[Dataset entries]

···

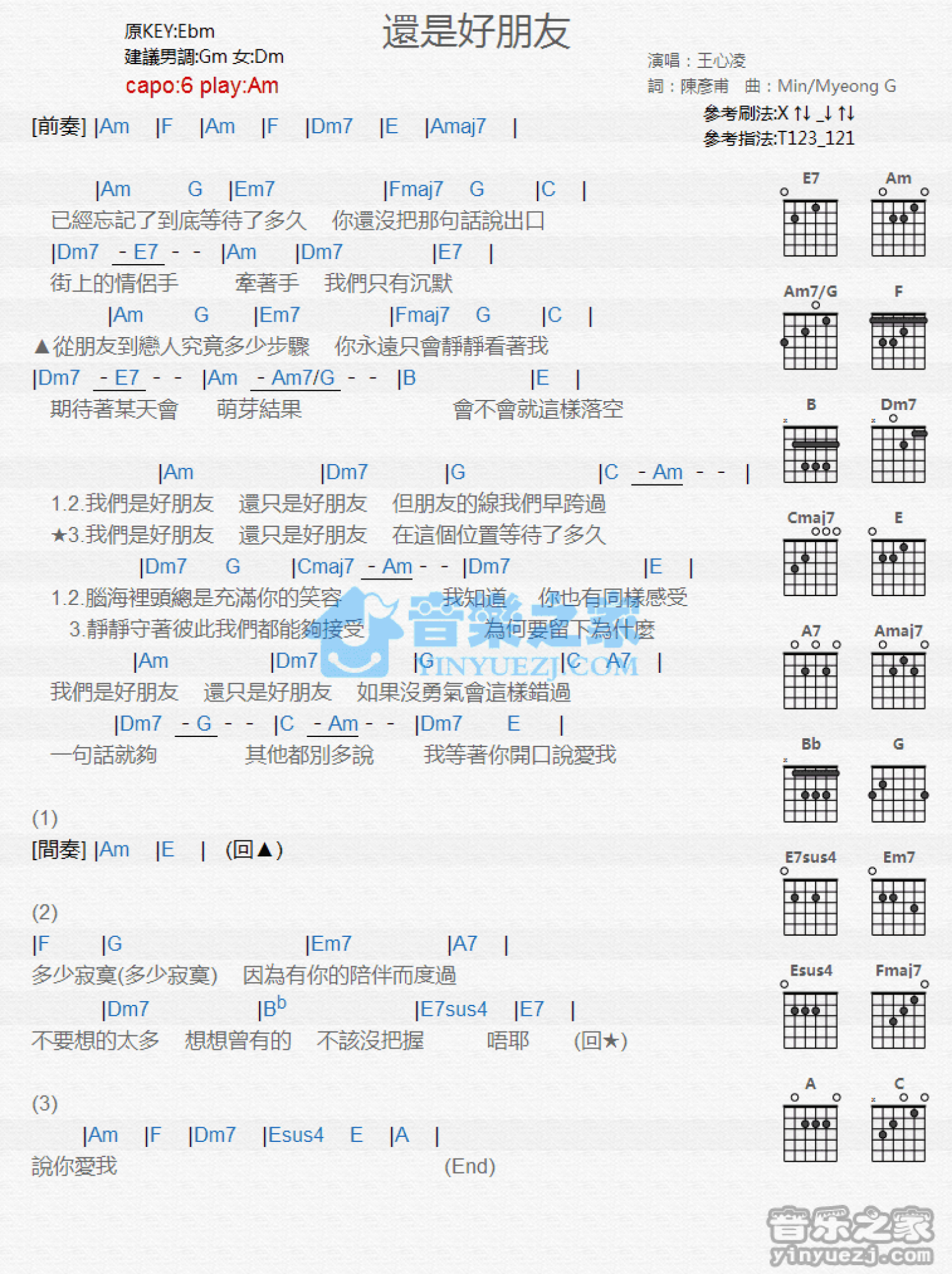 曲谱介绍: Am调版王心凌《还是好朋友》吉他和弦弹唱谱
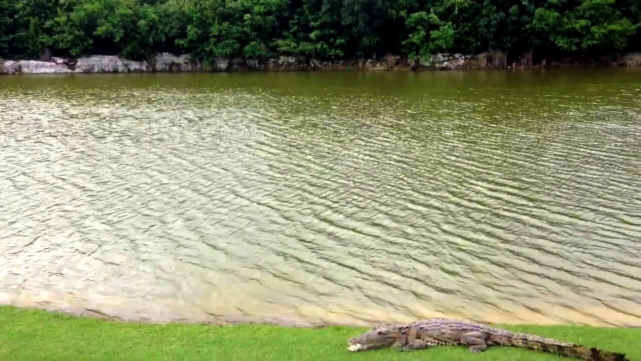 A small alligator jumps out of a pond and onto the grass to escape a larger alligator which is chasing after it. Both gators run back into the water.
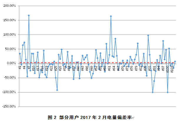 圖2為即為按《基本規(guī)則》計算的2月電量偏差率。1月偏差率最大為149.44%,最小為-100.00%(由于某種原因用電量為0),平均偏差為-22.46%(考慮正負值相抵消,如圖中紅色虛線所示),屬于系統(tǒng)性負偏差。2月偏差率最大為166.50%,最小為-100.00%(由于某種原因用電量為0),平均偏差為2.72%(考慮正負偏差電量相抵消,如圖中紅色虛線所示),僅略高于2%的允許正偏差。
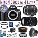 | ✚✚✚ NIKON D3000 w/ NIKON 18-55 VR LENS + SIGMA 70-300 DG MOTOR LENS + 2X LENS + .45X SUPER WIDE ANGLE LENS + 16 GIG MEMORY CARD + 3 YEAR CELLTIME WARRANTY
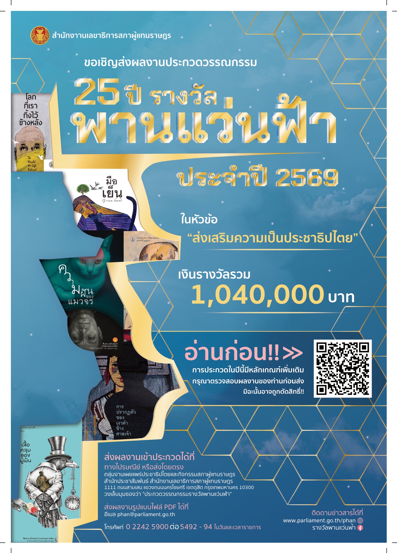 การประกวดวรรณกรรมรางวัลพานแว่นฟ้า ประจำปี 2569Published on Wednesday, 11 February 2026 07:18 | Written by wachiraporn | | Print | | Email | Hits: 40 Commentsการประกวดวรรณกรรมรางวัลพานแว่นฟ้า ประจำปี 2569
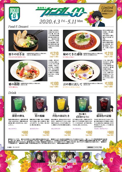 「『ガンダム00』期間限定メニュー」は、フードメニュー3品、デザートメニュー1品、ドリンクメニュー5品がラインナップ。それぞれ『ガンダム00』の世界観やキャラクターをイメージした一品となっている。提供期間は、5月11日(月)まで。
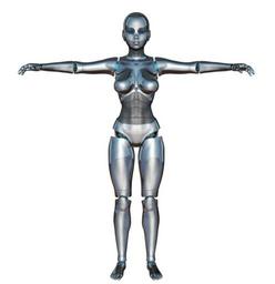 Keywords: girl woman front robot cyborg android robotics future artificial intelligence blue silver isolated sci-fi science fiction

···

_Instructions for the task_: Output the records verbatim without pictures.

_Result_:
 曲谱介绍: Am调版王心凌《还是好朋友》吉他和弦弹唱谱
 A small alligator jumps out of a pond and onto the grass to escape a larger alligator which is chasing after it. Both gators run back into the water.
 圖2為即為按《基本規(guī)則》計算的2月電量偏差率。1月偏差率最大為149.44%,最小為-100.00%(由于某種原因用電量為0),平均偏差為-22.46%(考慮正負值相抵消,如圖中紅色虛線所示),屬于系統(tǒng)性負偏差。2月偏差率最大為166.50%,最小為-100.00%(由于某種原因用電量為0),平均偏差為2.72%(考慮正負偏差電量相抵消,如圖中紅色虛線所示),僅略高于2%的允許正偏差。
 | ✚✚✚ NIKON D3000 w/ NIKON 18-55 VR LENS + SIGMA 70-300 DG MOTOR LENS + 2X LENS + .45X SUPER WIDE ANGLE LENS + 16 GIG MEMORY CARD + 3 YEAR CELLTIME WARRANTY
 การประกวดวรรณกรรมรางวัลพานแว่นฟ้า ประจำปี 2569Published on Wednesday, 11 February 2026 07:18 | Written by wachiraporn | | Print | | Email | Hits: 40 Commentsการประกวดวรรณกรรมรางวัลพานแว่นฟ้า ประจำปี 2569
 「『ガンダム00』期間限定メニュー」は、フードメニュー3品、デザートメニュー1品、ドリンクメニュー5品がラインナップ。それぞれ『ガンダム00』の世界観やキャラクターをイメージした一品となっている。提供期間は、5月11日(月)まで。
 Keywords: girl woman front robot cyborg android robotics future artificial intelligence blue silver isolated sci-fi science fiction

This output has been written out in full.